Me Sophie Obadia, avocate au barreau de Paris, était l'invitée de Philippe Rossi lundi 24 août dans l’émission "Les vraies voix de l'été" sur Sud Radio, à retrouver du lundi au vendredi à partir de 17h.

A partir du 1er septembre, le port du masque en entreprise sera obligatoire dans les espaces clos et partagés. Me Sophie Obadia est l'invitée de Philippe Rossi dans "Les vraies voix de l'été" sur Sud Radio, pour en parler.
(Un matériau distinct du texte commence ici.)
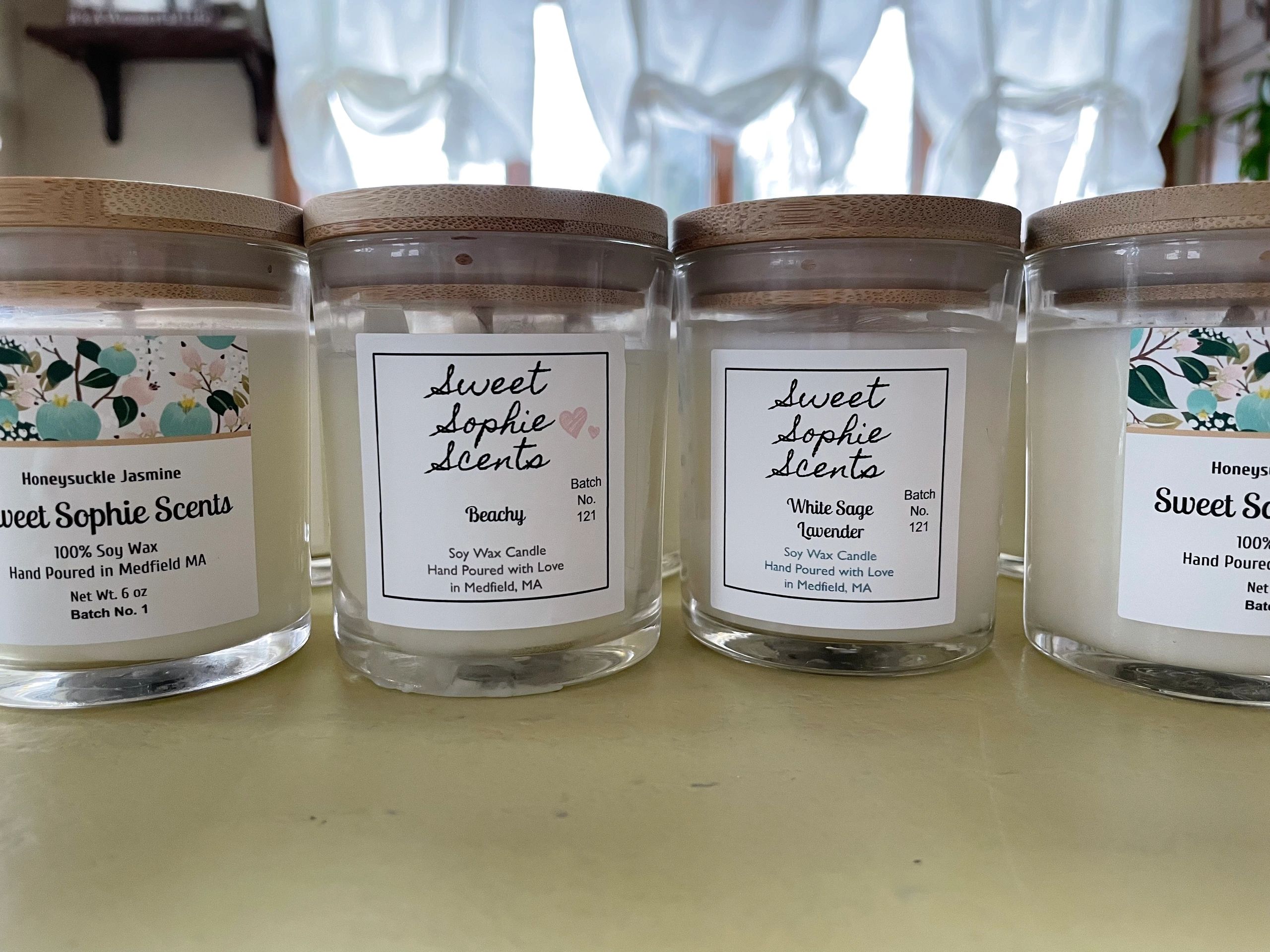 Homemade candles make great gift! Hand poured with 100% soy wax. A portion of each candle sold goes to charity.

JOEL SAGET - AFP/Archives

Alors que dès le 1er septembre, le port du masque sera obligatoire dans les entreprises, du moins dans les espaces clos et partagés, un quart des salariés déclare être hostiles à ce protocole. Rien dans la loi n'obligera un salarié à le porter, même si dans les faits il pourra être sanctionné. Une nouveauté que nous décrypte Me Sophie Obadia.

 

De l'avertissement au licenciement

Avec l'imposition du port du masque dans les entreprises dès la rentrée, les salariés n'auront pas d'autres choix que de le porter, même si aucun décret ou aucune loi ne seront adoptés. Parmi les sanctions, "l'avertissement est la plus mineure". Mais ce type de manquement "peut aller jusqu'au licenciement", prévient l'avocate au barreau de Paris. "Imaginons un salarié qui n'aie jamais son masque, au bout de deux ou trois avertissements, il peut être licencié pour cette raison", explique Me Sophie Obadia.
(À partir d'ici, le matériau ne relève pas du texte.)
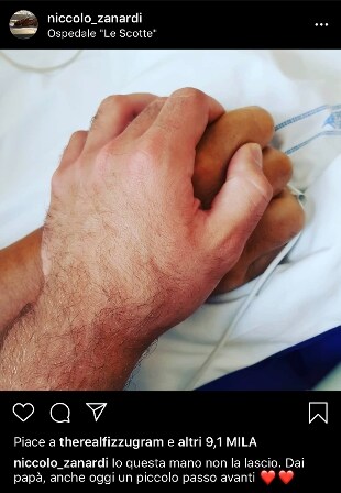 Poche, dolcissime, righe per accompagnare una foto che commuove, quella di un figlio che tiene la mano del padre ricoverato ormai da cinque giorni in terapia intensiva. E' l'ultimo post di Niccolò, il figlio dell'ex pilota Alex Zanardi, ancora in gravi condizioni ma stabile dopo l'incidente in handbike. "Io questa mano non la lascio. Dai papà, anche oggi un piccolo passo avanti", scrive su Instagram Niccolò, che già ieri aveva dedicato un altro messaggio al padre sul social: "Forza papà, ti aspetto, torna presto".

A l'inverse, l'employeur n'est pas exempt de toute sanction. Celui qui ne fournirait pas de masques ou ne voudrait pas qu'on le porte dans son entreprise s'expose à une condamnation. "Le salarié bénéficierait d'un droit de retrait", précise l'avocate.

Une obligation non-écrite

Ce qui marque l'avocate, c'est "ce coup de tonnerre pour les juristes", cette obligation n'ayant "ni loi, ni décret". "C'est un protocole national que le gouvernement est en train de préparer, c'est la première fois qu'une obligation ne résulte pas de la loi", souligne-t-elle. Une mode importée du droit "anglo-saxon" dans le droit français.
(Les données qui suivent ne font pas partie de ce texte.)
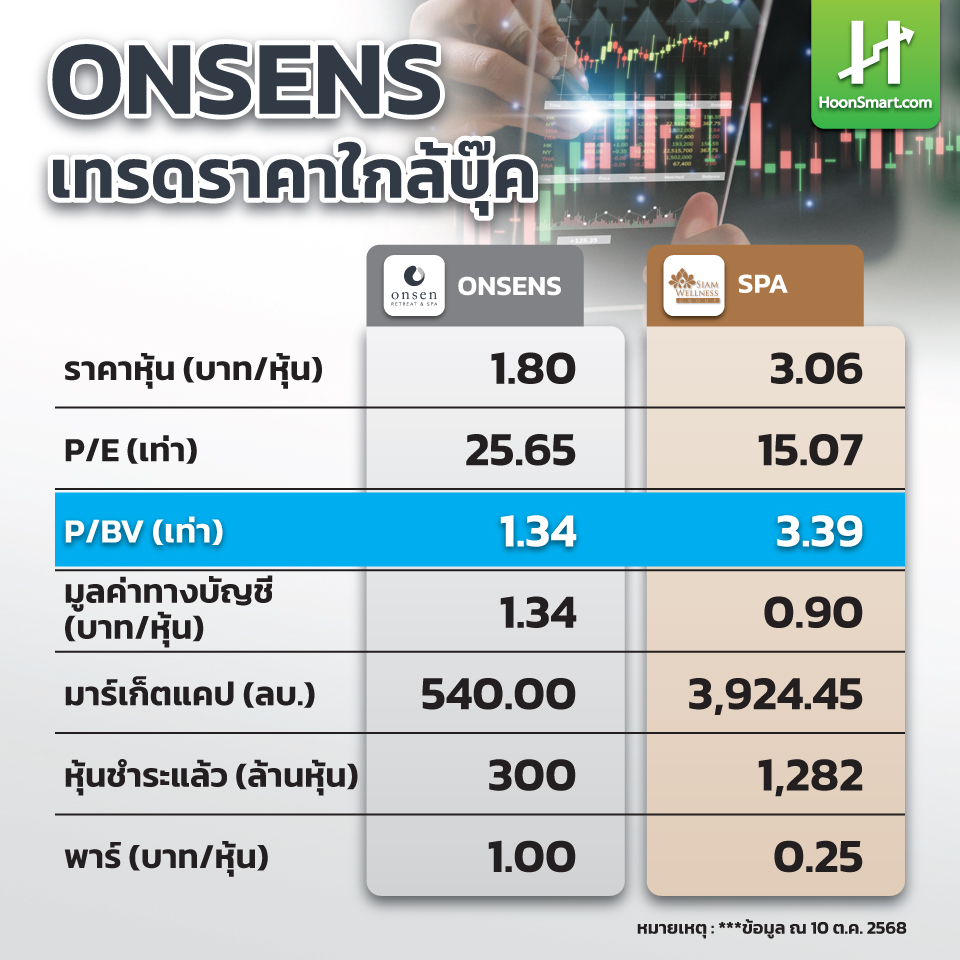 HoonSmart.om>>”ออนเซ็น รีทรีต แอนด์ สปา กรุ๊ป” (ONSENS) ดิ่งแรงผิดปกติ เหลือ 1.60 บาท 14 ต.ค.นักกลยุทธ์มองน่าสนใจ แนะนักลงทุนดู P/BV เพียง 1.19 เท่า ไม่ควรใช้ข้อมูลในอดีต P/E จุดแข็งฟรีโฟสต่ำแค่ 80 ล้านหุ้น มาร์เก็ตแคป 540 ล้านบาท โมเดลธุรกิจ อัตรากำไรสูงจากต้นทุนส่วนใหญ่เป็นคงที่ ต้นทุนต่อหัวลดลงเมื่อลูกค้าเพิ่ม จ่อเปิดสาขา Flagship ใหม่ที่ทองหล่อ เติบโตตามเทรนด์ธุรกิจสุขภาพ แฉต้นเหตุราคาดิ่งคาด”เจ้าเข้า”กดหุ้นเก็บของถูก กลุ่มเดย์เทรดแห่ทิ้งสิ้นวัน

"C'est un consensus qui se fait plus ou moins avec les partenaires sociaux, même s'ils n'ont pas encore signé ce protocole", explique Sophie Obadia. "Si vous commettez la faute plusieurs fois, vous pouvez être exclu de l'entreprise, l'inspection du travail peut être saisie par un salarié qui se considère en danger, il peut même y avoir le procureur de la République qui s'en mêle en disant qu'il y a une faute pénale commise par l'entreprise", s'étonne l'avocate. "On est dans le droit mais avec des modalités très nouvelles", note-t-elle.